With the available information sources providing what is essentially random information (basically covering all possibilities), I decided to try and find an objective proxy that might reflect the overall status of the conflict. Conveniently, Tigerhawk posts a comparison of the Tel Aviv Stock Exchange 100 (TA100) versus the Dow over the last few months.

Tigerhawk's analysis of the graph is that the TA100 "sold off broadly at the start of the crisis, but the progress has been impressive since Israel began its campaign to disarm Hezbollah. If you believe in the distributive wisdom of the financial markets in assessing geopolitical risk, Israel is improving its position." He further asks, "The two indices traded essentially in tandem, but started to diverge significantly in mid-June, a month before Hezbollah made its move and almost two weeks before Hamas kidnapped Gilad Shalit. Did the market "know" that Israel was on the brink of some security crisis ... ?"

I personally don't think these markets are anywhere nearly strongly correlated enough to make such strong statements or put forth such questions. On the other hand, the fact the the TA100 isn't plunging does, I think, support rather more modest assertions. For example, I do think the market is saying that the near to mid term consequences of this war for Israel's economy will be at most marginally negative. The market is therefore saying that all factors, including world opinion (plus resulting embargoes against Israel, if any), infrastructure damage, and the security of Israel (including the results of inflaming its Arab neighbors), will likely not have all that big of an impact.

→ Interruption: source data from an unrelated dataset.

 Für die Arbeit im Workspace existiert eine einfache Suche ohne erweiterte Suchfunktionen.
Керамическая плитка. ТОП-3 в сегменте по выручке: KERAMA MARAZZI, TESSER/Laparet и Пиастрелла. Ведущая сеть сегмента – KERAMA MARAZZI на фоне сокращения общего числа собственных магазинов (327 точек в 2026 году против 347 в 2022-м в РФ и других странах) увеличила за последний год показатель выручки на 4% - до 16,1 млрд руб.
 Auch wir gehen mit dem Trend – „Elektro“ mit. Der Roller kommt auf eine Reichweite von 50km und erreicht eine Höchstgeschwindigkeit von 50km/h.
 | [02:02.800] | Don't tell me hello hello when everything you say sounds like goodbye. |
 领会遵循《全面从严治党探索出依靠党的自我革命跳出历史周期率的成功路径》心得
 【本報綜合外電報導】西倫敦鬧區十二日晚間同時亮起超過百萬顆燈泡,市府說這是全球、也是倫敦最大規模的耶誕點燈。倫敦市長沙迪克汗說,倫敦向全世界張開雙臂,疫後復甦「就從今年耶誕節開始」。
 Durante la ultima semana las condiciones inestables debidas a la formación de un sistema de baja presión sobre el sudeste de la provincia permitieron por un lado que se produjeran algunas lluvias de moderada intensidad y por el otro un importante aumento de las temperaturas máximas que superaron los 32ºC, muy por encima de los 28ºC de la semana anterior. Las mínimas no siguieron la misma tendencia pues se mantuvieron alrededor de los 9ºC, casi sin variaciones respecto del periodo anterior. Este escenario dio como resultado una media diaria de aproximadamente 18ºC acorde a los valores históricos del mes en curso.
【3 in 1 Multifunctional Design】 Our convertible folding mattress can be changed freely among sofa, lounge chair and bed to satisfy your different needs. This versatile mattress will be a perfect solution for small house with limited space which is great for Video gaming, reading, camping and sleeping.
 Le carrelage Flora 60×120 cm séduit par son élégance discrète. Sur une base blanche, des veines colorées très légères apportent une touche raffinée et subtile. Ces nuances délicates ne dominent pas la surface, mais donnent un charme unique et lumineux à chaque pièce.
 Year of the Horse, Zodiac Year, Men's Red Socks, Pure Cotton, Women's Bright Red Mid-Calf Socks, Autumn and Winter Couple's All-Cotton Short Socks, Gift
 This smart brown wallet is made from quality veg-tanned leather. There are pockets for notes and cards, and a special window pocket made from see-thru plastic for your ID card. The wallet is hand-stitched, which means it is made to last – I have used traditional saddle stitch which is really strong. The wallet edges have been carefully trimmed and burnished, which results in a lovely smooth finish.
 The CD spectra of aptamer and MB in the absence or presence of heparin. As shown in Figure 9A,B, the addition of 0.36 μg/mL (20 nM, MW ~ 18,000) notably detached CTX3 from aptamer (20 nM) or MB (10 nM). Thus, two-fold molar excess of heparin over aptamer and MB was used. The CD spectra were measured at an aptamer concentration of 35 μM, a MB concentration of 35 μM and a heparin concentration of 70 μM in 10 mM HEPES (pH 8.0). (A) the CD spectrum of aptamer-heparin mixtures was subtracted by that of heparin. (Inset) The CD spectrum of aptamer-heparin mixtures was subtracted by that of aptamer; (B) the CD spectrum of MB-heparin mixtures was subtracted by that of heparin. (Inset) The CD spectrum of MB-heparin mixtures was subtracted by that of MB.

Israel looks likely to survive the next few years, anyway.

4 comments:

Oroborous said...

If the Israelis are deliberately targeting civilians, then the IDF is indeed incompetent, for fewer than 600 people have been reported killed in Lebanon.

Part of the confusion is that Hezbollah and Israel are being graded on completely separate scales, such as that it's possible for Hezbollah to be both standing firm and hurting.
The IDF is held in such awe that merely surviving their initial assault is a "victory" in the Arab world.

Bret said...

Yes, I agree regarding Israelis targeting civilians. But then, I'm biased in the pro-Israel direction and I was trying to write something with limited bias.

Oroborous said...

It's hard for any intelligent person to be biased in a pro-Arab direction, given that examples of dynamic and well-functioning societies are so hard to come by in the Arab world.

For example, Israel had no more advantages than Egypt and Syria have, rather fewer in fact, and yet Israel is rich, and produces world-class innovations in medical and technical fields - Egypt and Syria are poor and backwards.

Hatred of Israel generally falls into either the antisemitic category, or "crabs-in-a-bucket" syndrome.

Bret said...

Oroborous wrote: "It's hard for any intelligent person to be biased in a pro-Arab direction..."

I suppose that depends on your definition of "intelligent". Certainly, there are intelligent Arabs who are pro-Arab (in this conflict). There's lots of folks in Universities in the western world who pretty likely have relatively high IQs who are pro-Arab.

Ideology often trumps rationality and intelligence in my experience.